Required work: Write every line below out again exactly, images omitted.
──────── Recorded data
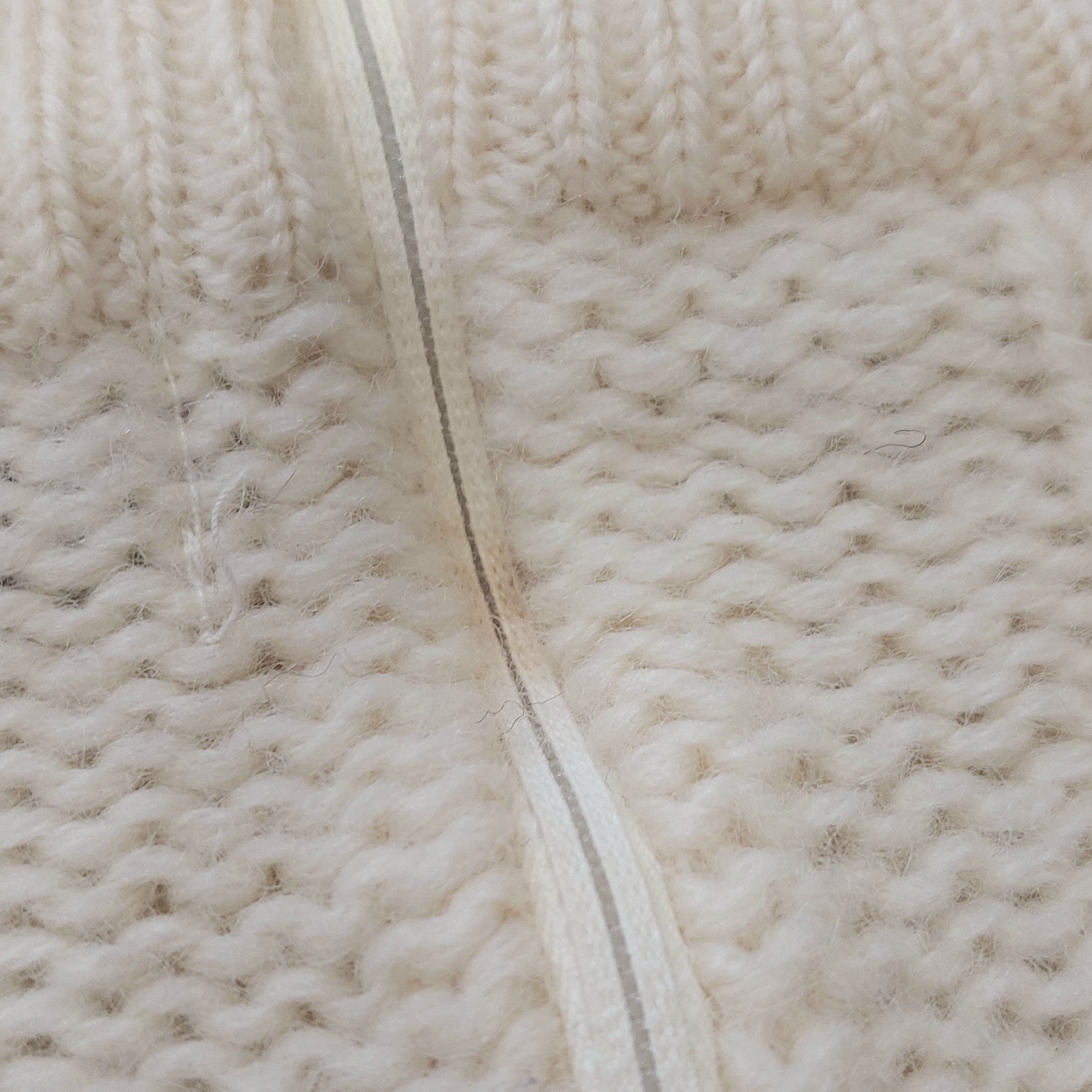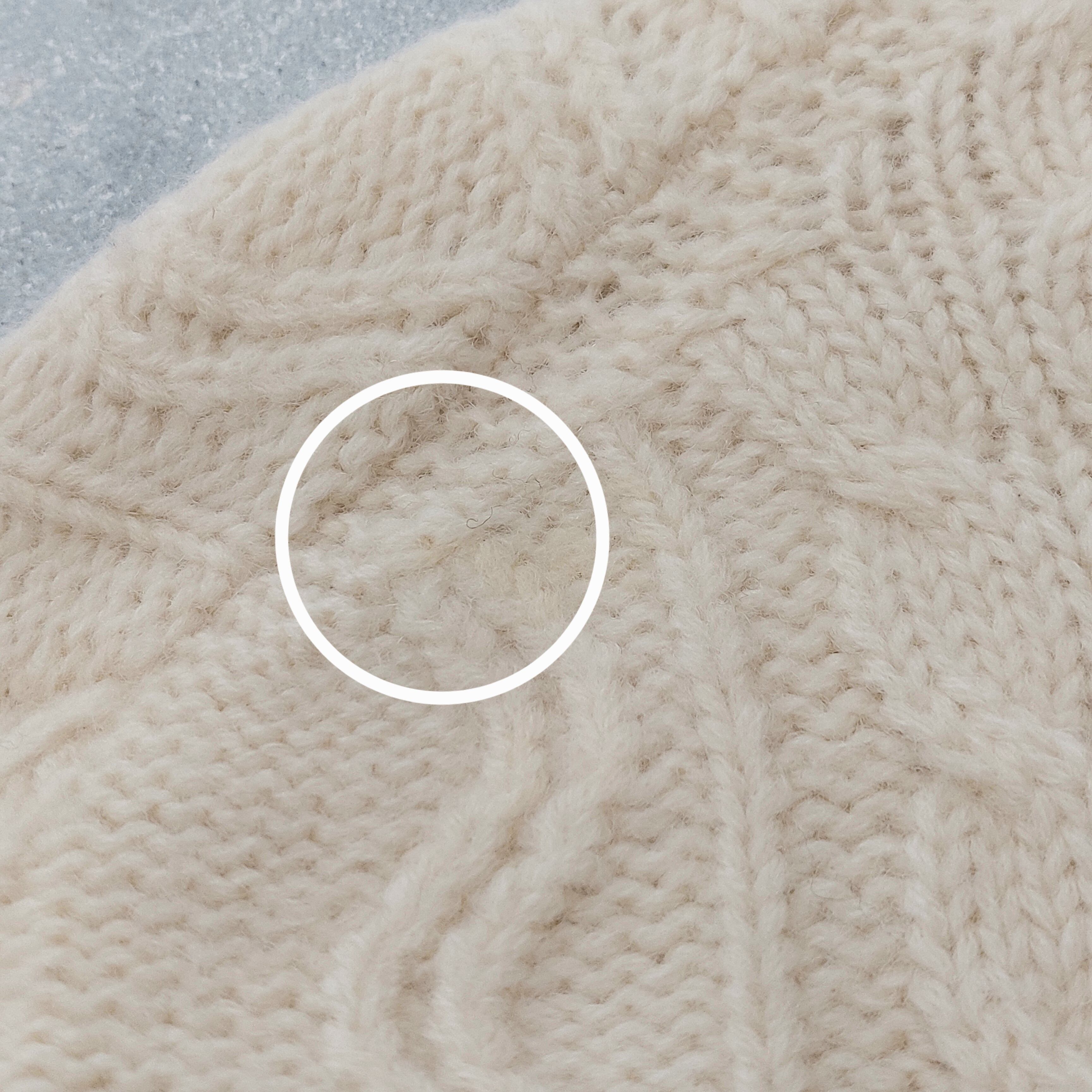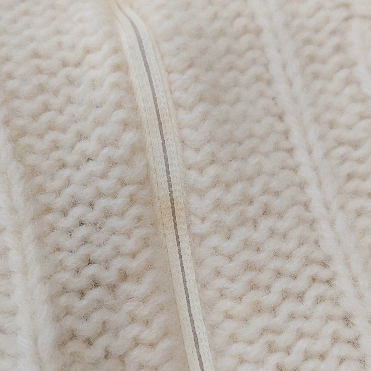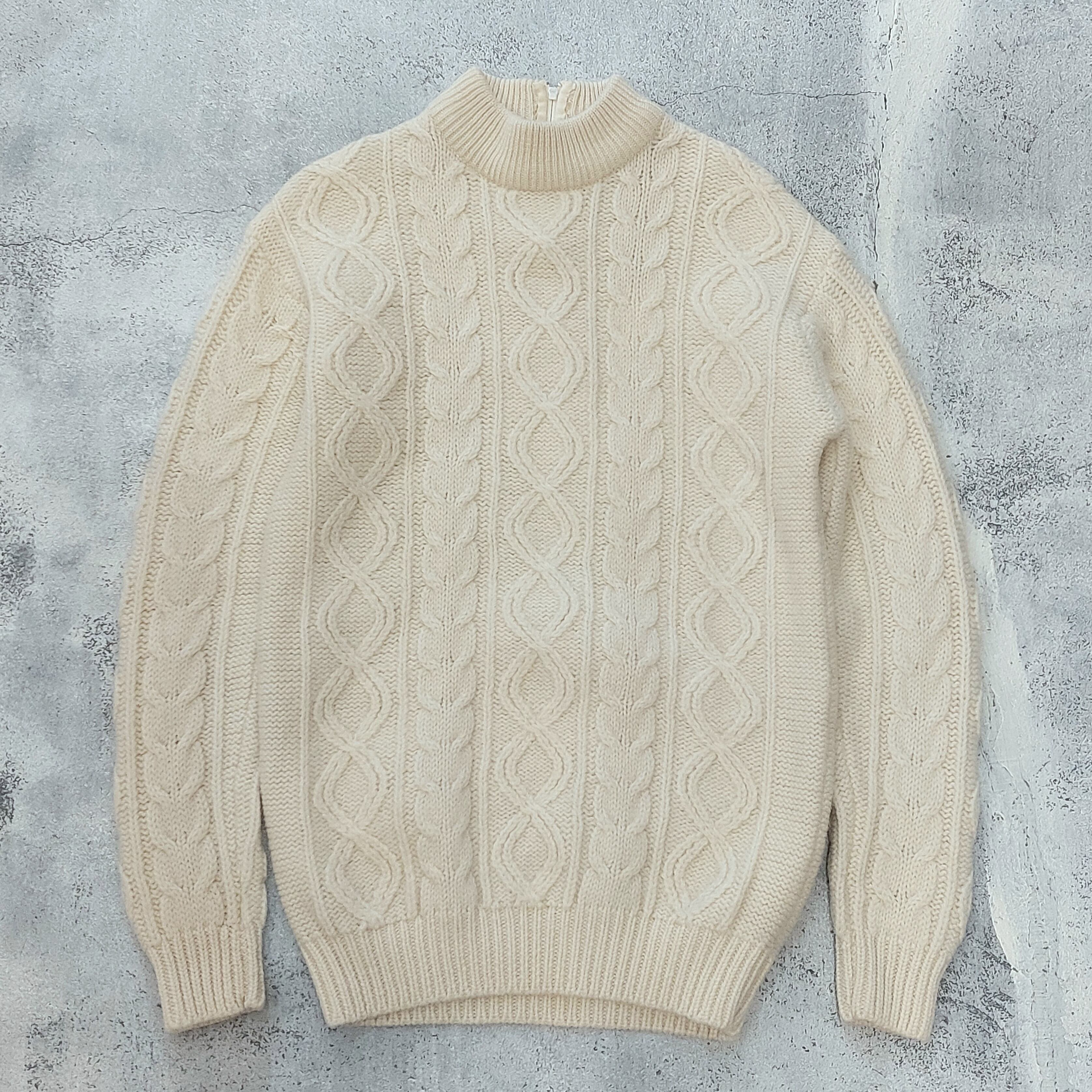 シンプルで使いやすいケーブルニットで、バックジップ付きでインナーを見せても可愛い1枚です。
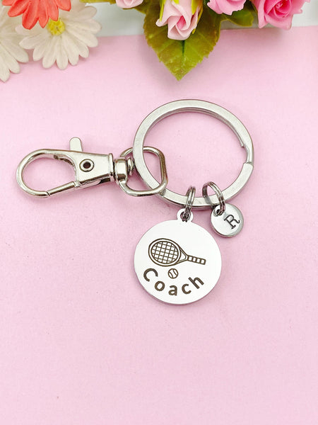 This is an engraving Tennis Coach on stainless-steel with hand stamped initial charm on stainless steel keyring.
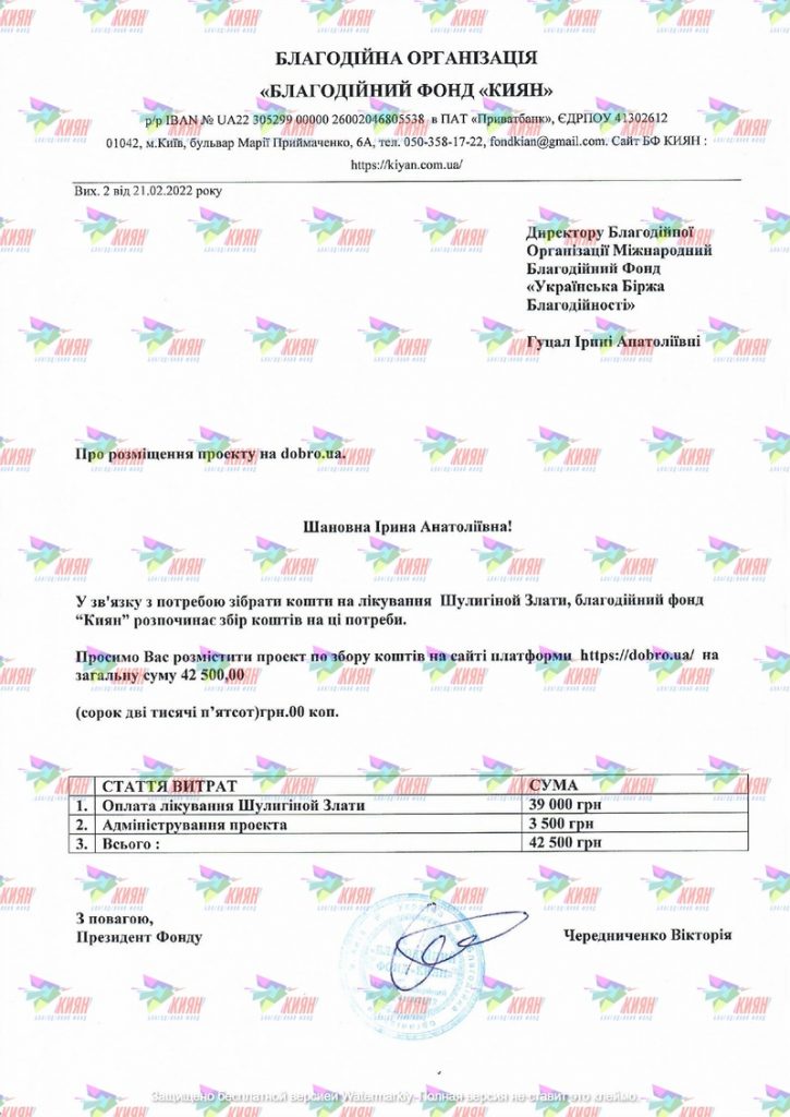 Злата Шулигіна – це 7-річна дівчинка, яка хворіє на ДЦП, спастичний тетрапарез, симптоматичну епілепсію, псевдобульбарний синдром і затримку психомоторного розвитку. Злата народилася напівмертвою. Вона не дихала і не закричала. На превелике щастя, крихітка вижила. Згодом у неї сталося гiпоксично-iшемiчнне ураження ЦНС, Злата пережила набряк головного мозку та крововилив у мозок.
────────────────
Exercise solution:
 シンプルで使いやすいケーブルニットで、バックジップ付きでインナーを見せても可愛い1枚です。
 This is an engraving Tennis Coach on stainless-steel with hand stamped initial charm on stainless steel keyring.
 Злата Шулигіна – це 7-річна дівчинка, яка хворіє на ДЦП, спастичний тетрапарез, симптоматичну епілепсію, псевдобульбарний синдром і затримку психомоторного розвитку. Злата народилася напівмертвою. Вона не дихала і не закричала. На превелике щастя, крихітка вижила. Згодом у неї сталося гiпоксично-iшемiчнне ураження ЦНС, Злата пережила набряк головного мозку та крововилив у мозок.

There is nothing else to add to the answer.